Orman yangınlarıyla geçirdiğimiz felaket bir yazı geride bırakırken, iktisatçıların “Son 20 yılın kara kışı” dedikleri bir döneme giriyoruz. Murat Kubilay, pandeminin mazeret edileceği “son 20 yılın en derin yoksulluğunun yaşanacağı döneme yavaş yavaş giriyoruz” diye uyarıyor. Bir yanda işsizlik, yoksullaşma artıyor diğer yanda aşırı zamlarla ısınma, beslenme, barınma gibi yaşamsal masraflarımız artıyor. Bugünlerde “kara kış”ın en belirgin alameti ise kira artışları olarak görünüyor. Yüz yüze eğitimin başlaması, yüksek enflasyon, denetimsizlik gibi bir dizi nedenle Eskişehir gibi bir üniversite şehirlerinde dahi yüzde 40’lara varan artışla ciddi bir kira krizi yaşanıyor.

Büyük şehirlerdeki durum ise daha iç açıcı değil. İzmir, 2021 yılında dünyada en çok kira artışı olan kent olarak anılıyor. İzmir’i ikinci sırada Ankara ve dördüncü sırada İstanbul takip ediyor. Haberlerde altı kira tutarında depozito isteyen ev sahipleri olduğunu okuyoruz. Serbest piyasa bir soygun düzeni olduğunu böylece hatırlatırken devlet ise öğrencileri, kiracıları yalnız bırakıyor. 13 milyar bütçesi olan Diyanet İşleri Başkanlığı’nın, yılın ilk 6 ayındaki kira giderleri için 6 milyon 213 bin TL ödenirken, Mimar Sinan Güzel Sanatlar Üniversitesi’nde (MSGSÜ) yurt ücretlerine yüzde 100 zam yapılması ve artan evsizlik kamunun pozisyonunu açık ediyor. Pandeminin, ekonominin, ülkenin kötüye gidişatının sorumluluğu, bunda hiçbir sorumluluğu olmayanlara yükleniyor.
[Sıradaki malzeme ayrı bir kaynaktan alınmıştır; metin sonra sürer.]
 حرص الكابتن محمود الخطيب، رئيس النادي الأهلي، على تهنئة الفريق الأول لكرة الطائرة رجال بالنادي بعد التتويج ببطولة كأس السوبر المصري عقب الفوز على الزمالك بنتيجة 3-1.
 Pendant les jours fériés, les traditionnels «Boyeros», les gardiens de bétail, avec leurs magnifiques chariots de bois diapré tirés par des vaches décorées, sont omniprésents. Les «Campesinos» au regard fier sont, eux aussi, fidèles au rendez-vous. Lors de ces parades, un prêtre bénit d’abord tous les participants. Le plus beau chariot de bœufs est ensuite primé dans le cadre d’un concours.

Aslında kiralar, ABD ve Avrupa başta olmak üzere dünyanın başka yerlerinde pandeminin ilk aylarından beri önemli bir gündem oluşturuyordu ve bu sayede epey de besleyici bir literatür ve mücadele yelpazesi de birikti. Barınma hakkı veya konut hakkı etrafında süren tartışmalarda kira artışlarına sınırlama getirilmesi, kira zamlarının durdurulması, tavan fiyat uygulaması, tahliye yasakları, tahliyelere karşı dayanışma ağları, kiracı sendikaları, kira grevleri, herkes için güvenli, uygun fiyatlı, kalıcı konutlar inşa edilmesi gibi çeşitli yöntemler tartışılıyor ve örgütleniyor.
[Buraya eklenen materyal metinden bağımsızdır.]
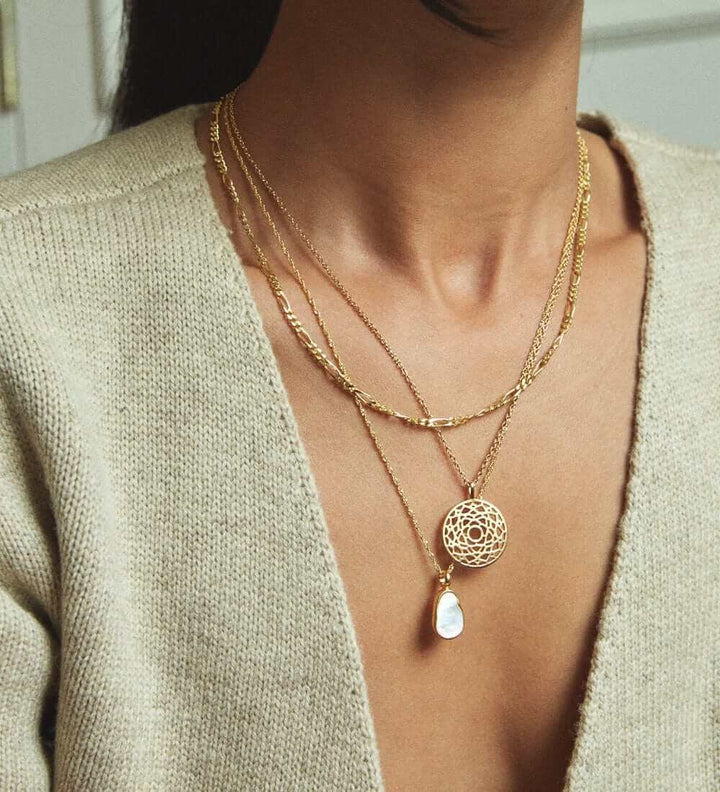 Daisy London is a British jewelry brand renowned for its modern and minimalist designs. Founded in 2009 by Ruth Bewsey, Daisy has gained popularity for its symbolic pieces that blend simplicity with meaningfulness. Favoring timelessness over trends, the brand's high-quality jewelry is designed to be worn daily and cherished for years to come. Ruth aspires to create jewelry that will make you feel unapologetically yourself. Every piece reflects effortless style with a touch of personal significance.Style notes: Choose the Chakra symbol that best represents your inner self. This delicate necklace comes with adjustable links to customise the length of your chain.Price: Please note price may vary due to exchange rate differences or shipping, duties and taxes. Price may also vary with materials choice. Final price is calculated at checkout at the designer's website. Materials: 18k gold plated silver. Dimensions: Chakra symbol measures: 20mm. Chain length: adjustable to 16'/17'

İlham verici bir mücadelede Berlin’de sürüyor. Berlin’deki konut aktivistleri uzun bir süredir kira üst sınırı belirlenmesi yönünde bir mücadele veriyordu. Expropriate Deutsche Wohnen & Co'nun sözcüsü Thomas McGath ile yapılan “‘Expropriate mega landlords’: A radical solution to Berlin’s housing crisis” başlıklı söyleşiye göre aktivistler artık üst sınır belirlenmesi talebiyle de yetinmiyor. Kiralardan müthiş kar elde eden emlak şirketlerinin kamulaştırılması (bazı çevirilerde mülksüzleştirme olarak da ifade ediliyor) çağrısını örgütlüyorlar. Bununla birlikte, konut stokunda piyasa kontrolünün ve spekülasyonun ortadan kaldırılması ve kiraların düşmesi için şirketlerin elindeki konutların demokratik yönetimine yönelik bir tür “binadan kente konseyler” oluşturmanın yollarını arıyorlar.
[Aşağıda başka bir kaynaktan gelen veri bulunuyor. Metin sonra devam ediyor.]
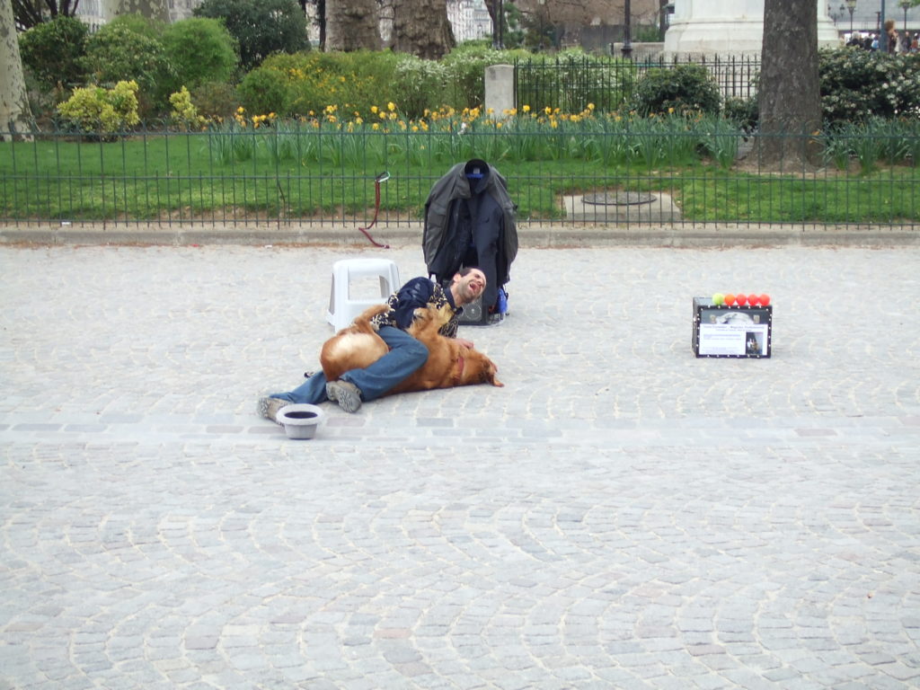 In front of Notre Dame there was, as always, thousands of tourists, and (as always) some guy putting on a show and busking. I’ve seen a lot of city buskers, and you usually know what to expect – the oddest I’d seen up to this point were a bunch of magicians who then turned out to be born-again Christians in Rab Town, Croatia (the audience weren’t really convinced).

Ülkemize gelecek olursak, elbette İstanbul başta olmak üzere büyük şehirlerdeki kira artışı sorunu yeni bir durum değil. Özellikle kentsel dönüşümün rant aracı haline dönüşmesiyle çoktandır deneyimlediğimiz bir sorundu. Nitekim bu kırılganlığa karşı Kadıköy gibi semtlerde, özellikle de çevrimiçi ağlar biçiminde şekillenen taban hareketleri oluşmaya başlamıştı. Emlakçılar sorunu “konut açığı”, “yüksek katlı imarların verilmemesi” gibi sektörel ihtiyaçlarına yormaya çalışadursun yıllar içinde derinleşen bu sorun bugün artık kiracıları, kentteki en kırılgan gruplardan biri haline getirmiş görünüyor. O nedenle de, kıpırdanmaların da işaret ettiği üzere kiracılık ve buna bağlı sorunlar daha çok sorgulanıyor ve toplumsal muhalefet için bir hareket alanına dönüşüyor.